1. The Company’s Annual Report on Form 10-K for the period ended December 31, 2008, to which this Certification is attached as Exhibit 32.1 (the “Annual Report”) fully complies with the requirements of Section 13(a) or Section 15(d) of the Exchange Act, and

2. The information contained in the Annual Report fairly presents, in all material respects, the financial condition and results of operations of the Company.

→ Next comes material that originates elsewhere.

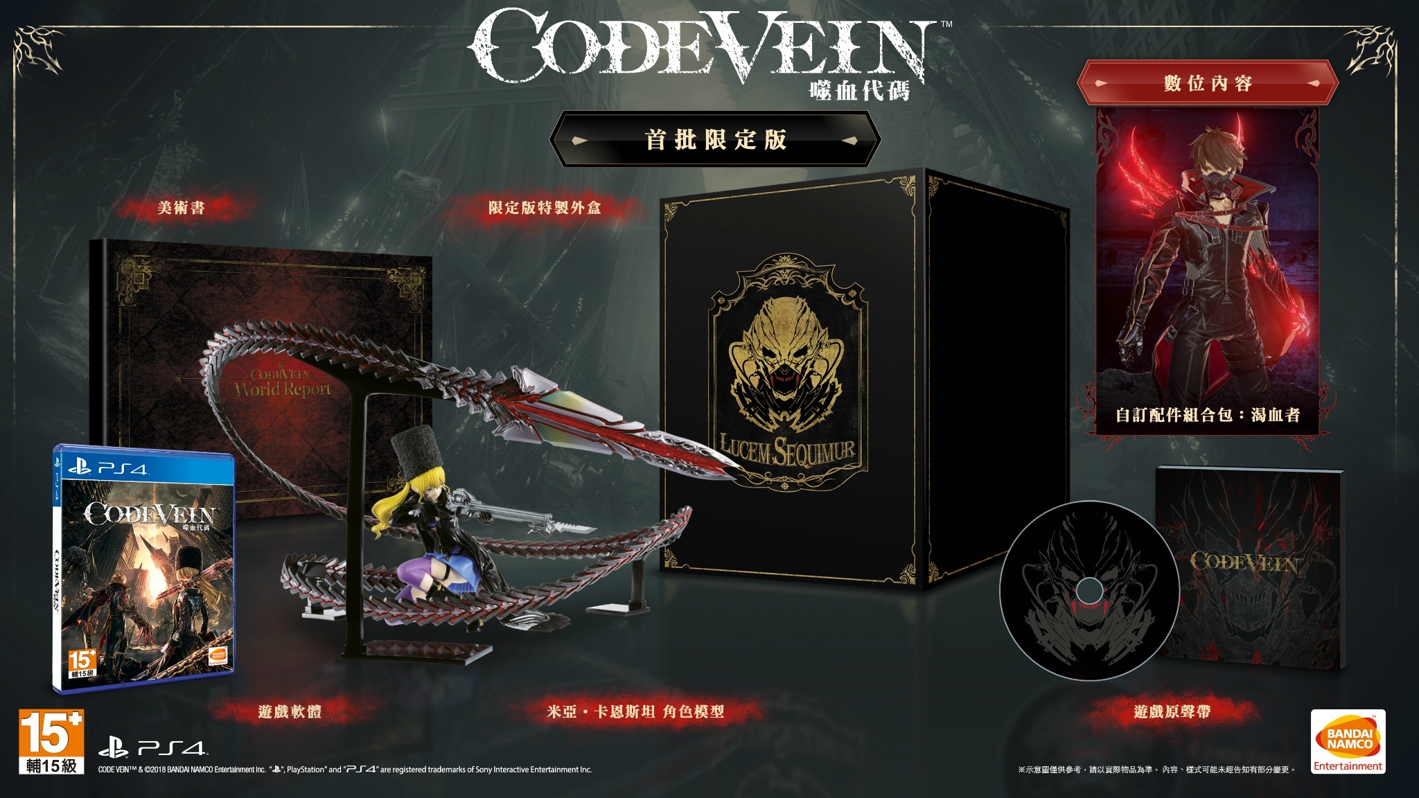 台湾万代南梦宫娱乐今天正式公布了动作RPG游戏《噬血代码(Code Vein)》繁体中文版的首版特典以及豪华版、限定版内容情报。《噬血代码》将于9月27日登陆PS4、Xbox One平台,PC版本将于9月28日推出,中文版游戏将与日版同步发售,各位玩家敬请期待。

In Witness Whereof, the undersigned have set their hands hereto as of the 26th day of February, 2009.

/s/    Ronald W. Barrett

Ronald W. Barrett

Chief Executive Officer and Director

/s/    William G. Harris

William G. Harris

Senior Vice President of Finance and Chief Financial Officer

(1) This certification accompanies the annual report on Form 10-K to which it relates, is not deemed filed with the Securities and Exchange Commission and is not to be incorporated by reference into any filing of XenoPort, Inc. under the Securities Act of 1933, as amended, or the Securities Exchange Act of 1934, as amended (whether made before or after the date of the Form 10-K), irrespective of any general incorporation language contained in such filing. A signed original of this written statement required by Section 906 of the Sarbanes-Oxley Act of 2002 has been provided to XenoPort, Inc. and will be retained by XenoPort, Inc. and furnished to the Securities and Exchange Commission or its staff upon request.